For the last six years the pattern has been the same. March 1st is the unofficial kick-off for each new yearly round of multiple-offers and rapidly rising prices.  And mid July/August is usually the window when the market begins to downshift into a lower gear.

There can’t be many Agents who haven’t noticed. And talk is beginning to creep over the hill from Silicon Valley, where it’s never supposed to slow down. Most people tuned into an active MLS feed have probably seen the signs:

More listings coming on:  There are almost twice as many places coming on each week now compared to in March.

Lower absorption rate:  Homes aren’t selling as fast as they are coming on. The overall inventory of active listings has risen roughly 15% in the last month.

Higher priced listings: As summer progresses, more homes are coming on at higher prices. Far fewer are coming on in the lower echelons.

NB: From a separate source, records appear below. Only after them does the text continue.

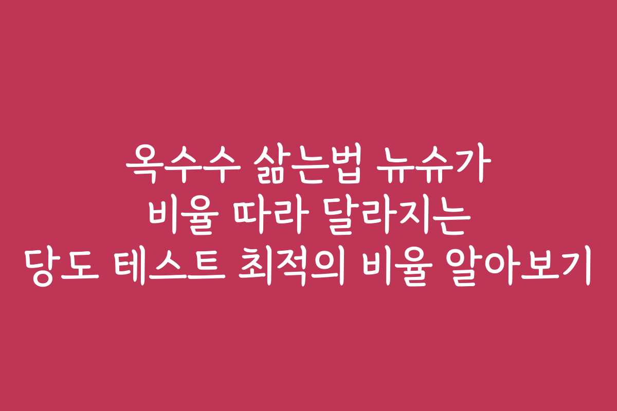 옥수수 삶는법에 대해 고민하고 계신가요? 뉴슈가 비율에 따라 옥수수의 당도가 어떻게 달라지는지 증명해보겠습니다. 이 포스팅에서는 최적의 삶는 비율을 찾아내고 최고의 맛을 경험하는 방법을 알려드립니다.
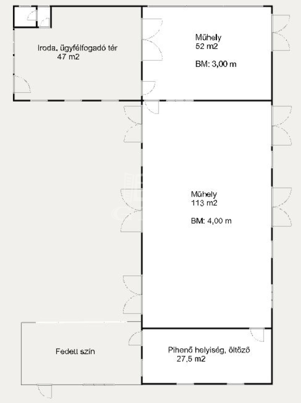 A műhely egy 47 m2-es iroda és ügyféltérből , egy 3 méter belmagasságú, 52 m-es és egy 4 méter belmagasságú 113 m2-es műhelyből és egy 27 m2-es pihenő, öltöző részből áll.
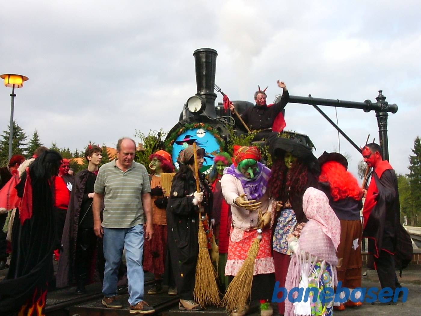 Motiv:Mens lokomotivet får vand på, flokkes de udklædte gæster om lokomotivet
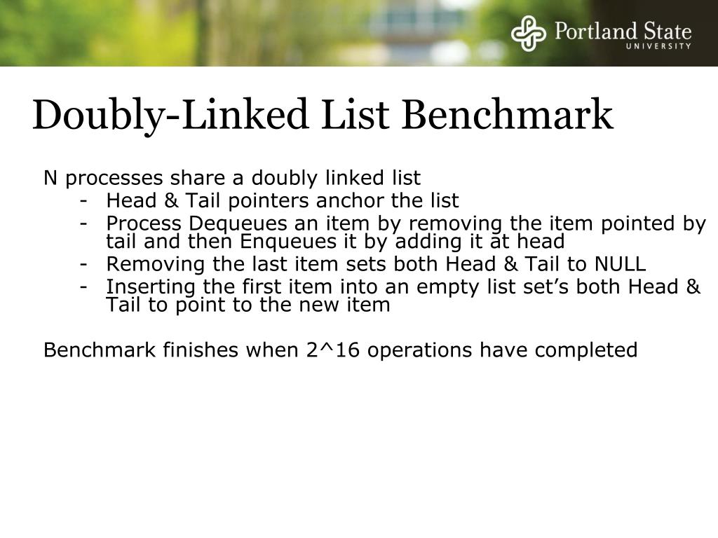 Doubly-Linked List Benchmark • N processes share a doubly linked list • Head & Tail pointers anchor the list • Process Dequeues an item by removing the item pointed by tail and then Enqueues it by adding it at head • Removing the last item sets both Head & Tail to NULL • Inserting the first item into an empty list set’s both Head & Tail to point to the new item • Benchmark finishes when 2^16 operations have completed

Fewer lookers, lower turnouts: Those Saturday and Sunday open houses just aren’t as swamped as they were a few months back

More days on market: Cumulative stats for days on market won’t be out for a few months but on average, homes are taking longer to sell.

More price reductions: When days on market increase, the number of price reductions also increases.

Market stratification: Properties priced below the median are still getting pushed up in price while more properties in the higher ranges aren’t. The low end is still killing it.  The higher end… not so much.

So what does it all mean? Time for Sellers to panic? Nah. What is it about human nature that wants us to think that as soon as something stops going up, it automatically starts to drop like a stone? Must be a brain chemistry thing.

The truth is that markets level out all the time. They don’t appreciate at a constant clip. They go up in fits and starts. If the normal market pattern holds – the Dog Days are simply the interim period the market needs to consolidate its gains for this year and reset for the next year when March Madness rolls around again.